C# Extract Text from PDF: A Complete Guide
Extracting text from PDF files is a common requirement in both office automation and software development. Manually copying and pasting text is slow and impractical when handling large volumes of documents. Traditional automation approaches often rely on external software like Adobe Reader, which adds deployment complexity and struggles with encrypted or scanned PDFs.

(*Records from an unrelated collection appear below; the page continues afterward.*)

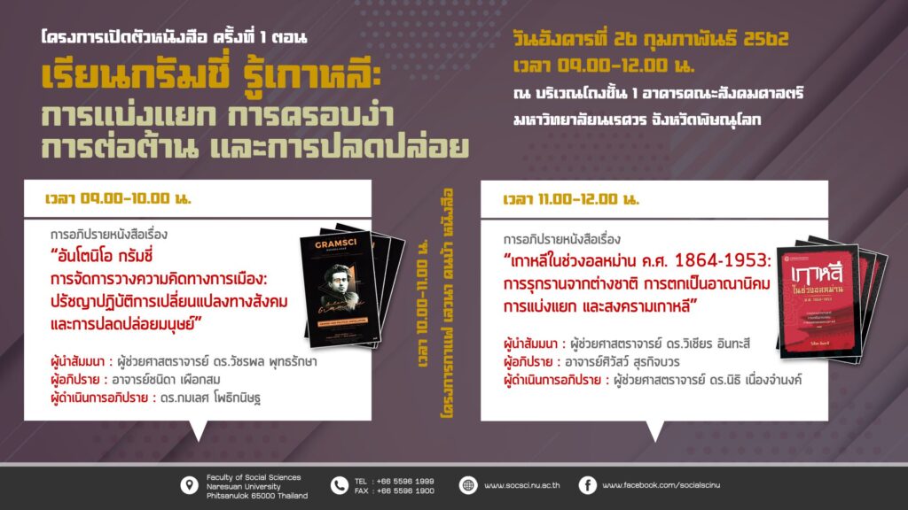 เวลา 09.00–10.00 น.” การอภิปรายหนังสือเรื่อง “อันโตนิโอ กรัมชี่ การจัดการวางความคิดทางการเมือง:ปรัชญาปฏิบัติการเปลี่ยนแปลงทางสังคม และการปลดปล่อยมนุษย์”
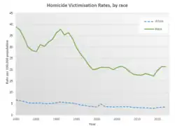 The rising trend in homicide rates during the 1980s and early 1990s was most pronounced among lower income and especially unemployed males. Youths and Hispanic and African American males in the U.S. were the most represented, with the injury and death rates tripling for black males aged 13 to 17 and doubling for black males aged 18 to 24.[115][116] The rise in crack cocaine use in cities across the U.S. has been cited as a factor for increased gun violence among youths during this time period.[117][118][119] After 1993, gun violence in the United States began a period of dramatic decline.[120][121]
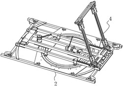 本发明提供一种旋转底座,包括底座旋转调节模块和高度调节模块,所述高度调节模块固定在底座旋转调节模块上;所述底座旋转调节模块包括底座、圆台转盘、旋转调节电机、电机固定板、主动齿轮和齿条板,所述圆台转盘活动连接在底座上,所述旋转调节电机和圆台转盘通过电机固定板固定连接,所述齿条板固定于底座下端,所述旋转调节电机的输出轴固定连接有主动齿轮,所述主动齿轮与齿条轮啮合连接,所述电机固定板下端与圆台转盘上端固定连接。本发明的目的在于提供一种旋转底座,旋转速度快,旋转结构简单可靠。

This article demonstrates how to use Free Spire.PDF for .NET—a lightweight, dependency‑free library—to extract text from PDFs with high accuracy and reliability. We’ll walk through environment setup, core code, and advanced techniques, all with ready‑to‑run examples.
Why Choose Spire.PDF?
| Traditional Solutions | Spire.PDF Solution |
|---|---|
| Require installed software (Adobe Reader, etc.) | Fully self‑contained .NET assembly |
| No or limited support for encrypted PDFs | Load password‑protected files with a single parameter |
| Complex COM interop, verbose code | Pure .NET API, clean and intuitive |
| Sparse or scattered documentation | Comprehensive API reference and examples |
Step‑by‑Step Tutorial
1. Environment Setup
Create a new .NET Console Application (supports .NET Framework 4.6.1+ or .NET Core 3.1+). Then install the FreeSpire.PDF NuGet package:
Install-Package FreeSpire.PDF
Note: The free version processes up to 10 pages per document—ideal for personal or small‑scale projects.
2. Extract Text from a Single Page
The following example loads a PDF, extracts all text from a specific page, and saves it to a .txt file.
using System.IO;
using Spire.Pdf;
using Spire.Pdf.Texts;
namespace ExtractTextFromPage
{
class Program
{
static void Main(string[] args)
{
// 1. Load the PDF document
PdfDocument doc = new PdfDocument();
doc.LoadFromFile("Sample.pdf");
// 2. Get the desired page (0‑based index: Pages[1] = second page)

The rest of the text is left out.